Task directions: Repeat the following data exactly, omitting pictures.

Data:
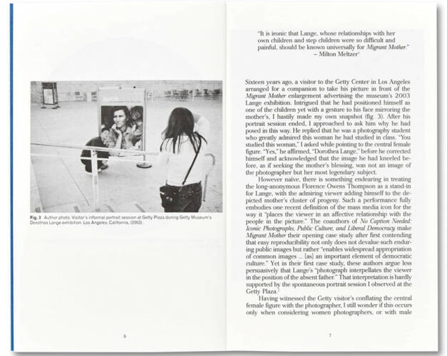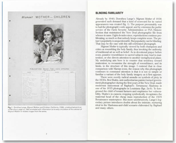 "I contend that in close comparison with Marian icons, the reason why this photograph continues to command attention is that it is not so simple or familiar a variant of the holy family imagery as it first appears."
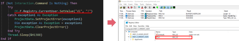 행위분석에서 환경변수 설정을 관찰하려면 레지스트리 활동을 찾으면 됩니다.
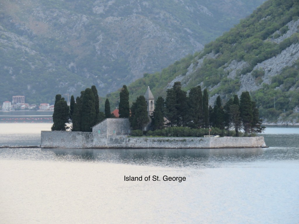 As we approached Kotor, we passed by two islands, one natural and one artificial. Our Lady of the Rocks was created after local seamen found an icon of the Madonna and Child on the rock in the sea on July 22, 1452. After returning from a successful sea voyage, sailors would lay another rock in the bay. Over time, the accumulation of rocks resulted in an artificial island. At some time, a tiny Orthodox chapel was built here, then replaced by the Venetians with a Catholic chapel in the 1600s. Every year, on July 22, local citizens take their boats there and throw rocks into the sea.The other island, St. George, is home to the Monastery of St. George, built in the 12th century.
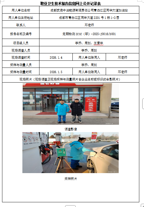 下一篇:成都武侯中油能源有限责任公司新都木兰分水加油站职业病危害因素定期检测

Output:
 "I contend that in close comparison with Marian icons, the reason why this photograph continues to command attention is that it is not so simple or familiar a variant of the holy family imagery as it first appears."
 행위분석에서 환경변수 설정을 관찰하려면 레지스트리 활동을 찾으면 됩니다.
 As we approached Kotor, we passed by two islands, one natural and one artificial. Our Lady of the Rocks was created after local seamen found an icon of the Madonna and Child on the rock in the sea on July 22, 1452. After returning from a successful sea voyage, sailors would lay another rock in the bay. Over time, the accumulation of rocks resulted in an artificial island. At some time, a tiny Orthodox chapel was built here, then replaced by the Venetians with a Catholic chapel in the 1600s. Every year, on July 22, local citizens take their boats there and throw rocks into the sea.The other island, St. George, is home to the Monastery of St. George, built in the 12th century.
 下一篇:成都武侯中油能源有限责任公司新都木兰分水加油站职业病危害因素定期检测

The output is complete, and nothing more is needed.